These contrasting cases are symptomatic of the current situation and attest that the interpretation of unexpected phylogenetic patterns is often subjective and influenced by a priori expectation. They call for a better use of experimental controls and explicit testing of predictions of HGTs/EGTs to distinguish between genuine signal and noise (Stiller 2011). The task of analyzing thousands of trees that genome data have made possible is complex and improved methods need to be developed to help identifying the trees that strongly support the HGTs/EGTs scenarios under investigation. Increasing availability of genomic data for key taxa will permit us to specifically test these scenarios and examine alternative explanations for phylogenetic signal deviating from vertical inheritance.

Materials and Methods

A workflow diagram describing the procedure of sequence retrieval, alignment, tree reconstruction, and sorting can be found in supplementary figure S6 (Supplementary Material online).

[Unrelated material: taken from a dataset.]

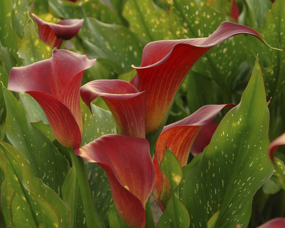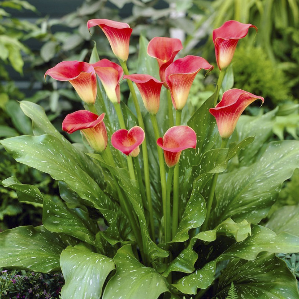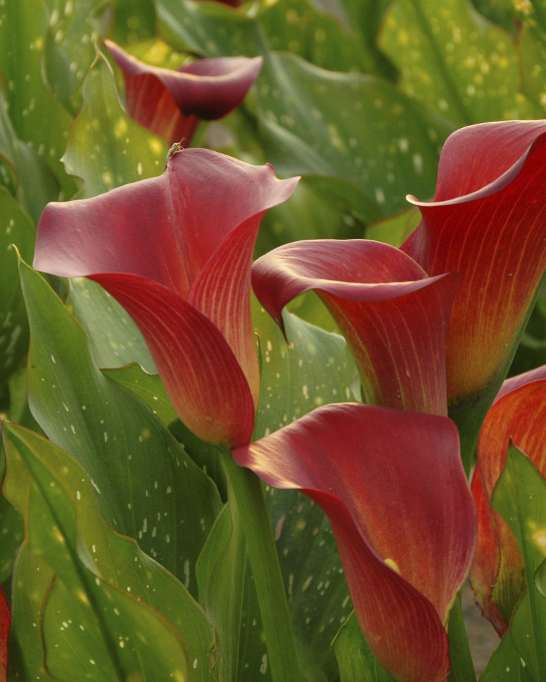 Бокалы цветков высокие, с редкой красно-оранжевой окраской. Превосходно смотрятся на фоне светло-зелёных крапчатых листьев. Агротехника: Каллы предпочитают яркий рассеянный свет, от прямых полуденных ... Показать описаниесолнечных лучей растение притеняют. В период цветения нуждается в ярком освещении. Почва: хорошо дреннированная. Посадка: луковицы высаживаются в ряд строго горизонтально донцем вниз, а прорастающими побегами вверх в подготовленную небольшую лунку глубиной до 10 см с интервалом 15 см. Посадки обильно проливают для облегчения укоренения. Использование: калла отличается необычной экзотической красотой. Служит прекрасным украшением больших аквариумов, искусственных водоемов, фонтанов. Листья и соцветия устойчивы в срезке и широко используются при составлении букетов и композиций, придавая им необыкновенную изысканность и выразительность.

Chromera velia 3,151 clusters from Woehle et al. (2011) were used as query in a BLASTP search against protein sets from complete genomes and EST datasets (see supplementary table S3, Supplementary Material online for the complete list of taxa included in the analysis). CDHIT (Li and Godzik 2006) was used to reduce redundancy within each protein dataset prior to Blast in order to facilitate the subsequent tree interpretation by removing recent paralogs (clustering threshold: 90% identity). The Blast output was then parsed with a stringent e-value threshold of 1e-20 to minimize the inclusion of paralogs and hits were collected for each C. velia protein and multiple fasta files created. To prevent the inclusion of several closely related prokaryotic species, only the three best hits in each prokaryotic group were included (supplementary table S3, Supplementary Material online). MAFFT-LINSI (Katoh et al. 2005) was used for aligning sequences and TRIMAL (Capella-Gutiérrez et al. 2009) for selecting aligned positions, with sites containing more than 10% of gaps removed. Multiple sequence alignment files with less than five species were discarded at this stage. RAxML 7.2.8 (Stamatakis 2006) was used to reconstruct trees, with the LG substitution matrix + Γ4 + F evolutionary model and 100 bootstrap replicates.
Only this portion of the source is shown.